Oil and Gas stocks lead broad-based gains as investors push the NGX to its strongest January start in years….
The Nigerian equities market closed January 2026, the first trading month of the year, on a strong footing, posting a 6.27% gain as more than 15 billion shares changed hands on the Nigerian Exchange.
Data from the Exchange showed the All-Share Index climbed from 155,612.9 points at the start of the month to 165,370.4 points, adding 9,757.5 points and decisively crossing the 160,000 threshold for the first time.
Market momentum was strongest in the first three weeks of trading, when the index briefly rose above 166,000 points. A mild pullback in the final two weeks trimmed some of the gains but did little to alter the month’s positive outcome.
Despite the late moderation, January’s performance reflected broad participation across sectors, with gains recorded in Oil and Gas, Insurance, Banking, Industrial Goods, and Consumer Goods stocks. The rally was led by strong advances in the Oil and Gas sector.
Trading data from the Nigerian Exchange showed the Oil and Gas sector emerged as the biggest contributor to the All-Share Index in January.

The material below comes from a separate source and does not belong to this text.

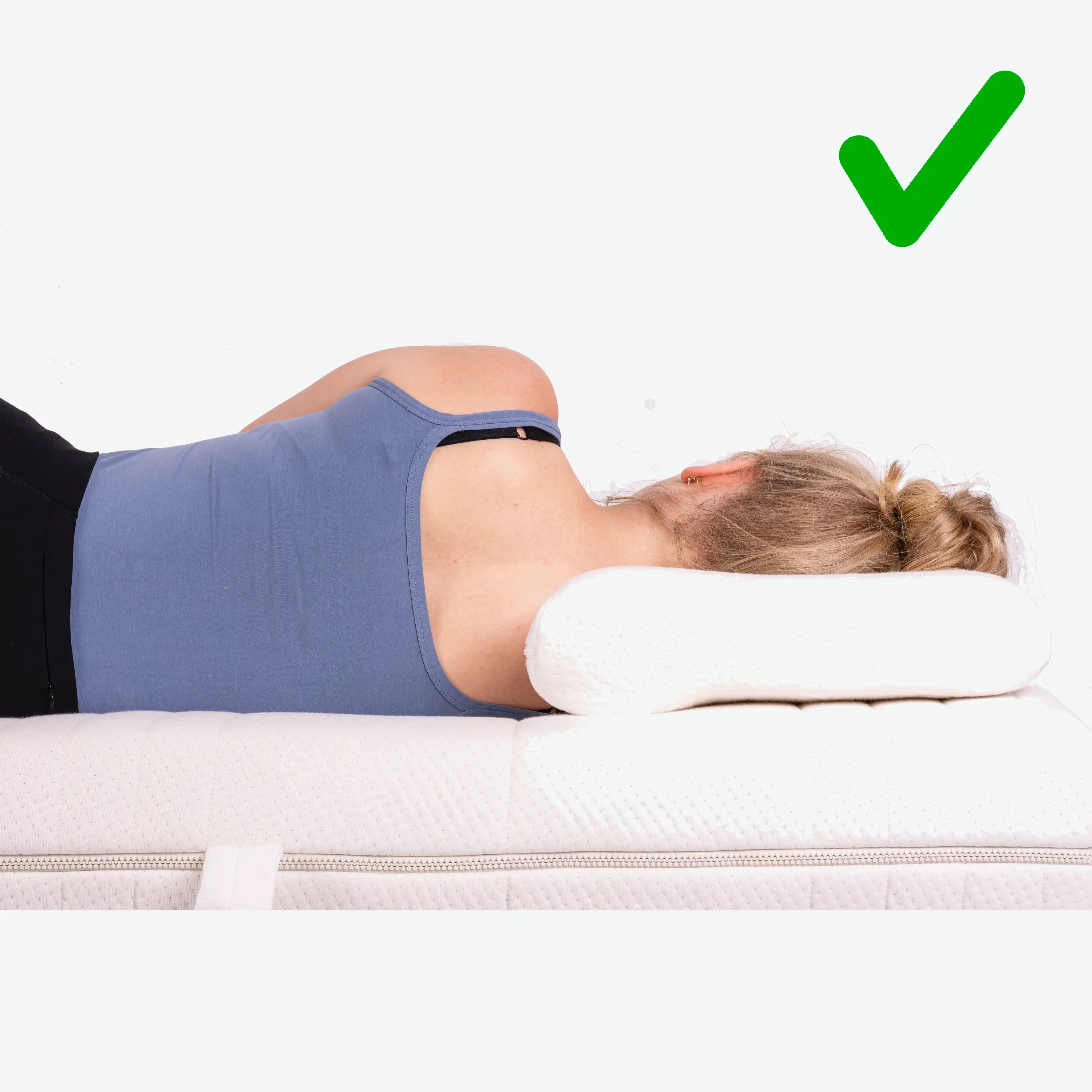 Zijslapers moeten hun nekwervels in lijn met de wervelkolom houden om druk en spierspanning te vermijden.

The NGX Oil and Gas Index rose 13.80% during the month, supported by a trading volume of more than 491 million shares.
Large-cap stocks drove much of the sector’s performance, with Aradel and Seplat gaining 16.45% and 15.34% respectively. Mid-cap stocks also recorded positive movement, including Eterna, which rose 8.25%, Japaul Gold with a 5.63% gain, and Oando, which advanced 0.75%.

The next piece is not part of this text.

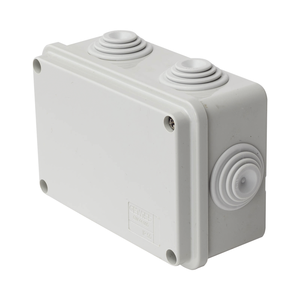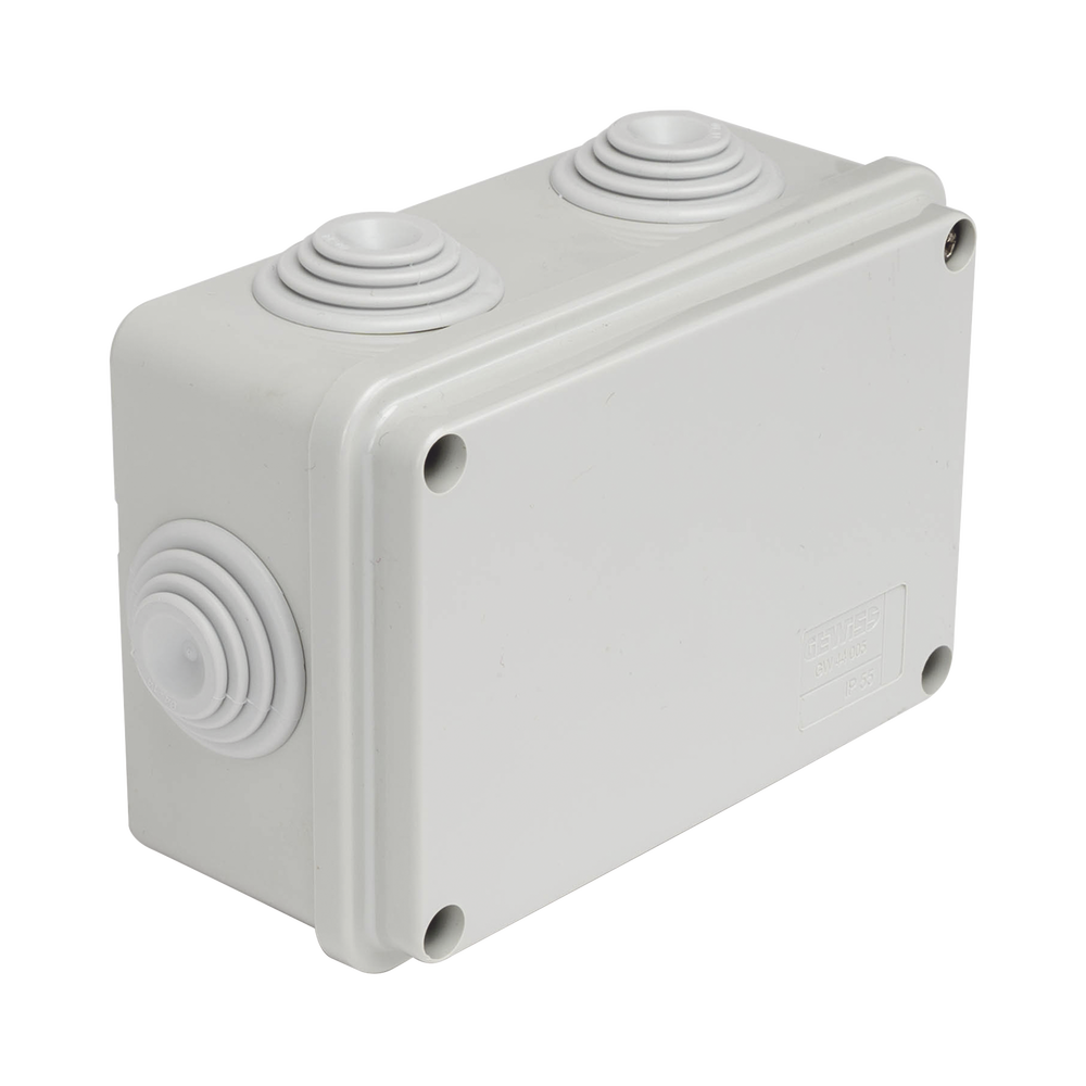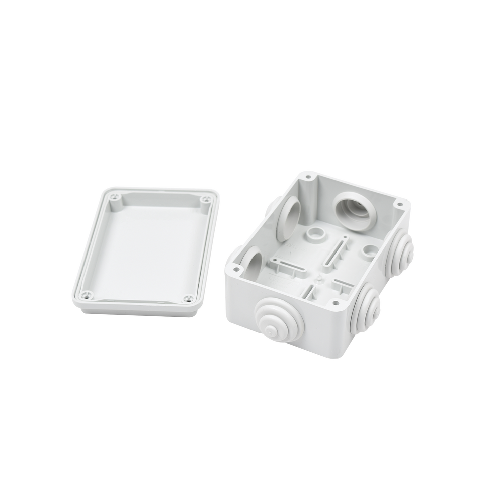 Caja Estanca de PVC Para Derivación y Conexión, 6 Entradas, Tapa Atornillada, 120x80x50 mm (Área interna), Uso Exterior IP55, Material que no Propaga el Fuego y Libre de Hálogenos

The Insurance sector followed closely, as the NGX Insurance Index rose 11.76%, extending bullish momentum from December into the new year. Sector leaders included Veritas Kapital, which surged 43.27%, Mutual Benefits Assurance at 34.84%, NEM Insurance at 19.40%, AXA Mansard at 15.99%, and Consolidated Hallmark at 15.90%.
Other insurance stocks such as Linkage Assurance, AIICO, Prestige Assurance, Coronation, Regency Alliance, and Cornerstone also closed the month higher, though with gains below 15%.
The Banking sector ranked as the third-best performer in January, with the NGX Banking Index rising 6.99% on a market volume of over 3 billion shares. Among tier-one banks, Zenith Bank recorded a 15.61% gain, followed by GTCO at 9.15%, Access Holdings at 7.62%, and UBA at 6.36%.
Strong performances were also recorded by mid-tier banks, including Wema Bank, which rose 14.71%, Ecobank at 14.56%, and Stanbic IBTC at 8.00%.
Industrial Goods stocks also posted solid gains, with the sector index rising 5.45%. Large-cap stocks such as Lafarge Africa gained 16.73%, Dangote Cement rose 4.27%, and BUA Cement added 2.52%.
Mid and small-cap stocks in the sector outperformed, led by Triple Gee with a 64.93% gain, Meyer at 46.72%, Berger Paints at 25%, Cutix at 17.74%, Chemical and Allied at 15.22%, and Beta Glass at 13.51%.
The Consumer Goods sector recorded a 3.21% increase for the month. Gains in large-cap stocks such as Nigerian Breweries, which rose 4.65%, and International Breweries at 3.57%, supported the sector’s performance.
Mid and small-cap stocks delivered stronger returns, with McNichols rising 94.19%, Champion Breweries gaining 28.57%, PZ Cussons advancing 26.27%, and Vitafoam up 22.28%. Other stocks, including Nestlé, Honeywell Flour, NASCON Allied, Dangote Sugar, Unilever, and Cadbury, recorded gains of less than 20%.
Market analysts note that January’s strong showing signals sustained investor confidence following the market’s 51.19% return in 2025. The breadth of gains across key sectors points to strong demand for both large-cap and mid-cap stocks, with opportunities extending beyond traditional market leaders.
However, with the All-Share Index closing above 165,000 points for the first time, analysts also warn that the market is entering overbought territory. While January’s 6.27% gain significantly outpaced the 1.53% recorded in January 2025, a deeper pullback in large-cap stocks could trigger broader market corrections in the weeks ahead.